Mawata, sometimes called silk hankies, are a preparation of silk associated with spinning and felting. But many fiber artists don’t know that you can knit with unspun silk as well. It creates a very light, textured yarn.
What You Need:
- silk mawata, dyed or plain
- US size 11 (8.0mm) knitting needles or needles of your choice
- toilet paper cardboard tube or cardstock
Preparing the Silk
Begin by taking a thin layer of hankies, no more than 2-3 cocoons. You should be able to easily see through the hankies. Silk is incredibly strong. The more layers of silk you try to work with at once, the harder it will be to stretch. Be careful, because I promise you the silk is stronger than your epidermis.
Put your fingers through the center of the mawata and begin to stretch it. Make a silk donut. Depending on how you want to handle to colors, you may also stretch from the edges instead. The goal is to stretch the fiber into a silk roving.
Continue to stretch the silk. Try to stretch it evenly across the length. If you need to, place your foot in the loop and use your leg as leverage to continue stretching.
How Thin Do I Stretch It?
It depends on how thick you want your silk “yarn” to be. A good guide is to twist the roving slightly between two fingers. This will show you roughly what weight of yarn you have, even though the finished yarn won’t have twist in it and may appear thicker. Twisting it compacts the fibers in a similar way to the way the stitches compact it.
Remember, it is better to understretch than overstretch. You can draft a thick area, but it is much more difficult to make a thin spot thicker.
And Then What?
Then, when your roving is fairly consistently the thickness you want, find a weak spot and break it.
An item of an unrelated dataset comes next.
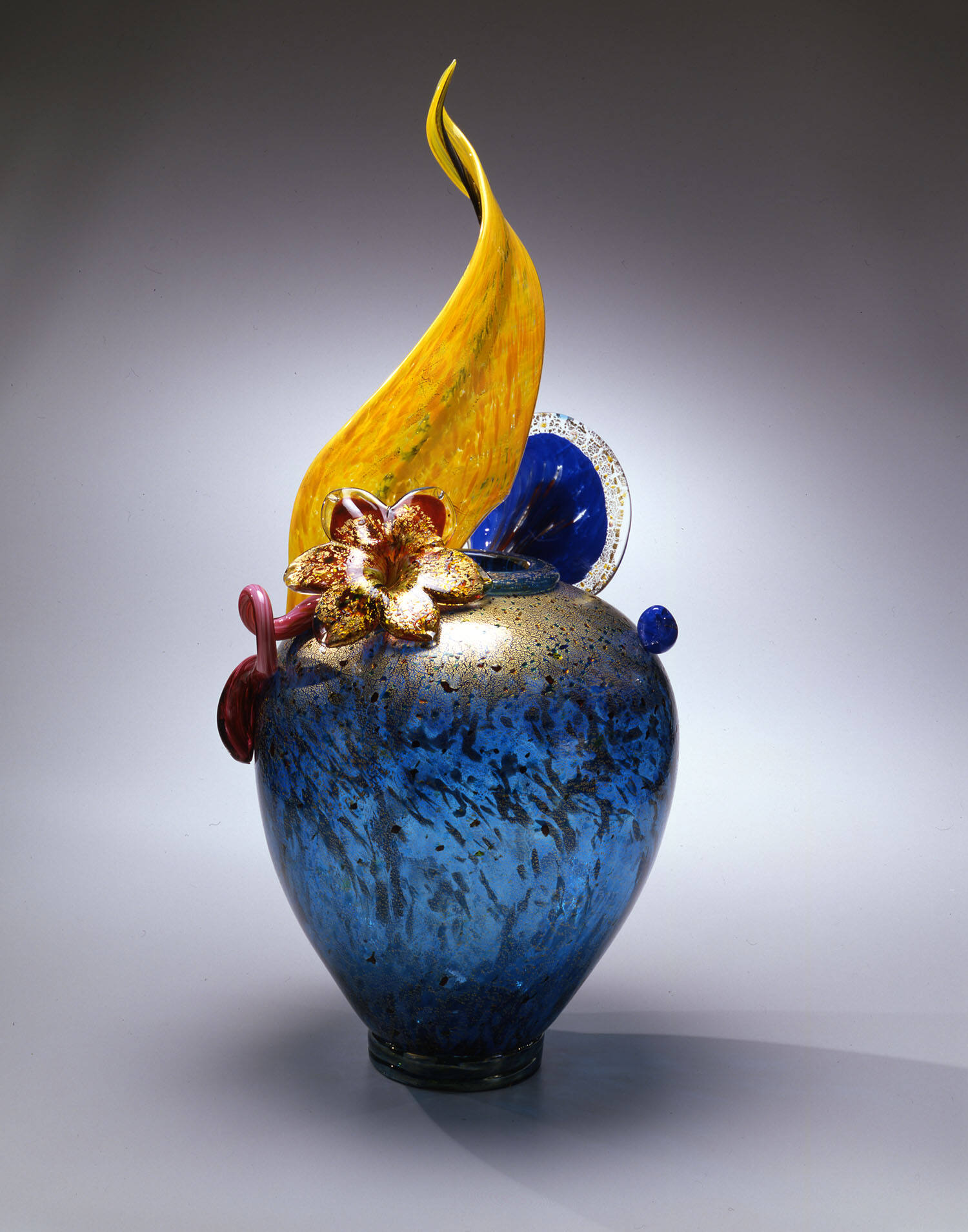 MediumColorless and colored glass; blown, applied and tooled decoration, gold leaf

Instead of a giant donut, you now have a long strand of silk. Wrap your roving around a piece of cardboard or cardstock to keep it from getting tangled. I don’t recommend making a ball without something in the center, as the silk will stick to itself and become tangled or messy.
You Are Ready to Knit!
Treat your silk roving as you would yarn. Silk is a very long fiber. Each cocoon is one long strand of fiber. When we stretch mawata, we break that fiber, but we’re still working with very long fibers. As a result, we can knit, crochet or weave with the silk without adding any twist.
What’s the Caveat?
Silk holds onto static and the fibers are so fine, they stick to everything. If you make a cowl with unspun silk, don’t plan to wear it with anything that has zippers or velcro and stay away from angular jewelry. While the individual fibers are strong, they aren’t twisted together and don’t create a cohesive yarn. Anything that catches on the fiber can disorganize it.
While it does have some downfalls, it is another opportunity to play with silk and different textures. It is an opportunity to learn about the qualities of silk.